By Aaron C. Davis
Maryland officials in recent weeks quietly removed the mug shot of convicted child molester Robert M. Haines Jr. from the state’s sex-offender registry.
They also deleted the Internet link to the former middle school teacher’s guilty plea to charges he abused a 13-year-old student decades ago. Haines’s physical description, the address of the cottage he lives in near Annapolis, the make and model of the car he drives: Everything the state had tracked for years to keep him from anonymity was erased.
Haines was removed not because he was exonerated of his crime. His information was taken down because of a recent ruling by the state’s Court of Appeals declaring sex-offender registration unconstitutional punishment for those who committed crimes before the registry began in 1995.

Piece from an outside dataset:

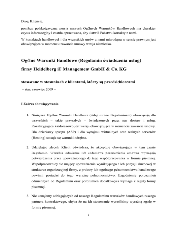 Drogi Kliencie, poniższa polskojęzyczna wersja naszych Ogólnych Warunków Handlowych ma charakter czysto informacyjny i została opracowana, aby ułatwić Państwu kontakty z nami. W kontaktach handlowych i dla wszystkich umów z nami miarodajna w sensie prawnym jest obowiązująca w momencie zawarcia umowy wersja niemiecka. Ogólne Warunki Handlowe (Regulamin świadczenia usług) firmy Heidelberg iT Management GmbH & Co. KG stosowane w stosunkach z klientami, którzy są przedsiębiorcami – stan: czerwiec 2009 – I Zakres obowiązywania 1. Niniejsze Ogólne Warunki Handlowe (dalej zwane Regulaminem) obowiązują dla wszystkich – także przyszłych – świadczonych przez nas dostaw i usług. Rozstrzygająca każdorazowo jest wersja obowiązująca w momencie zawarcia umowy. Dla dzierżawy sprzętu (ASP) i dla wynajmu wirtualnych oraz realnych serwerów (Hosting) stosuje się warunki odrębne. 2. Udzielając zleceń, Klient oświadcza, że akceptuje obowiązujący w tym czasie Regulamin. Wszelkie odmienne lub dodatkowe porozumienia umowne wymagają potwierdzenia przez upoważnionego do tego współpracownika w formie pisemnej. Współpracownicy nie mający upoważnienia wynikającego z ich pozycji służbowej w strukturze organizacyjnej firmy, z prokury lub ogólnego pełnomocnictwa handlowego powinni posiadać do tego wyraźne pełnomocnictwo. Uzgodnienie porozumień odmiennych od Regulaminu oraz porozumień dodatkowych wymaga z reguły formy pisemnej. 3. Nie uznajemy odbiegających od naszego Regulaminu warunków handlowych naszego partnera kontraktowego, chyba że na ich stosowanie wyraziliśmy wyraźną zgodę w formie pisemnej. 1 II Oferta i zawarcie umowy 1. Nasze oferty mają zawsze charakter dobrowolny i niewiążący, chyba że wyraźnie określono je jako wiążące lub jednoznacznie wynika to z okoliczności. W przypadku udzielenia zlecenia w odpowiedzi na naszą niewiążącą ofertę, umowa dochodzi do skutku dopiero w momencie potwierdzenia z naszej strony. Bezpośrednie wykonanie usługi jak również wystawienie rachunku stanowią takie potwierdzenie. Jeśli w terminie 4 tygodni brak jest z naszej strony potwierdzenia, przestajecie Państwo być związani udzielonym nam zleceniem. Przesłane przez nas cenniki jak również prezentacja produktów w Internecie nie stanowią prawnie wiążącej oferty. Dane techniczne, informacje o sposobie użytkowania, dane dotyczące przeznaczenia oraz odwzorowanie produktów w naszych materiałach reklamowych, prospektach oraz w pozostałej dokumentacji nie stanowią oferty do zawarcia umowy gwarancyjnej w rozumieniu § 443 niemieckiego Kodeksu Cywilnego (BGB) ani zapewnienia uzgodnionych właściwości. 2. Warunki zawarte w ofertach o charakterze wiążącym obowiązują 4 tygodnie, chyba że sama oferta określa inny termin. 3. Zastrzegamy sobie prawo własności i prawa autorskie na wszystkich dokumentach pozostających w związku z udzieleniem zlecenia, takich jak np. rysunki, wzory, obliczenia itp. Dokumenty te nie mogą być kopiowane ani w żaden inny sposób udostępniane osobom trzecim, chyba że udzieliliśmy Klientowi na to wyraźnego zezwolenia w formie pisemnej. Na nasze wezwanie wszystkie te dokumenty należy nam zwrócić. 4. Zawarcie umowy następuje z zastrzeżeniem otrzymania przez nas prawidłowej i terminowej oraz kompletnej dostawy. O „wąskich gardłach“ dostaw będziemy Państwa oczywiście natychmiast informować. Gdyby dostarczenie poszczególnych przedmiotów nie było możliwe, jesteśmy uprawnieni do dostarczenia równoważnych zamienników, o ile nie stoją temu na przeszkodzie uzasadnione interesy Państwa. 5. Współpracownicy, których wyraźne pełnomocnictwo nie wynika z ich pozycji służbowej, udzielonej prokury lub nieograniczonego pełnomocnictwa handlowego, nie są upoważnieni do udzielania gwarancji lub zapewnień. 2 6. W przypadku wątpliwości decyduje pisemny opis usługi. Zastrzegamy sobie prawo do dokonywania zmian wynikających z postępu technicznego, w tym w szczególności do dostarczenia nowszych modeli lub części. III Ceny 1. Cena wynika z potwierdzenia zamówienia i obowiązuje wyłącznie dla określonego w potwierdzeniu miejsca przeznaczenia dostawy. Wszystkie ceny należy rozumieć jako powiększone o obowiązującą w dniu dostawy, a w przypadku opłaty z góry – w dniu płatności, wartość podatku VAT. Koszty opakowania, prac i materiałów instalacyjnych, szkoleń, serwisu, pielęgnacji, towarzyszącego doradztwa oraz innych usług posiłkowych kalkuluje się odrębnie, chyba że wyraźnie ustalono coś odrębnego. O ile nie uzgodniono inaczej, zamówiony towar dostarczamy na koszt Klienta, za zaliczeniem pocztowym. 2. Jeśli dla zlecenia nie ustalono żadnej ceny, obowiązują ogólnie przyjęte w momencie wykonania usługi ceny katalogowe oraz stawki godzinowe. Jeżeli brak jest naszej ceny katalogowej, obowiązują sugerowane w chwili dostawy ceny producenta. Jeśli brak jest cen katalogowych oraz cen sugerowanych producenta, jesteśmy uprawnieni do wyznaczenia ceny w oparciu o zasady słuszności, uwzględniając stawki zwyczajowe (§ 315 BGB). 3. Jeseśmy uprawnieni do uzależnienia przyjęcia zlecenia do realizacji od uzgodnienia zaliczki lub dostaw za zaliczeniem pocztowym. 4. W przypadku usług na żądanie, usług serwisowych oraz pozostałych zobowiązań o charakterze ciągłym jesteśmy uprawnieni do stosownego dopasowania cen w trakcie stosunku zobowiązaniowego. Za stosowne uważa się dopasowania cen niepozostające w rażącej sprzeczności z rozwojem cen i płac typowym dla branży, ewentualnie z rozwojem kosztów w zakresie, w jakim są one istotne dla kształtowania się ceny danego produktu. Zmiany cen nie przekraczające 5 %w skali roku uważa się zasadniczo za stosowne. Jeśli dopasowanie ceny następuje ogólnie dla wszystkich bieżących umów, przy ustalaniu stosowności dopasowania należy wziąć pod uwagę ogólne kształtowanie się

Under the ruling, Haines may be the first of almost one in four registered sex offenders who Maryland could be forced to scrub from its online database. Maryland officials are now bracing for the possibility that a wave of lawsuits following his case could require the state to delist roughly 1,800 of its 8,000 registered sex offenders, state records, e-mails and interviews show. State officials say they’ll forcefully challenge each suit.
And the fallout could go further. The state’s second-highest court is now weighing whether the Haines case should be applied to a broader group, beginning with a Montgomery County man who pleaded guilty in 2001 to preying on a 12-year-old Pennsylvania girl over the Internet.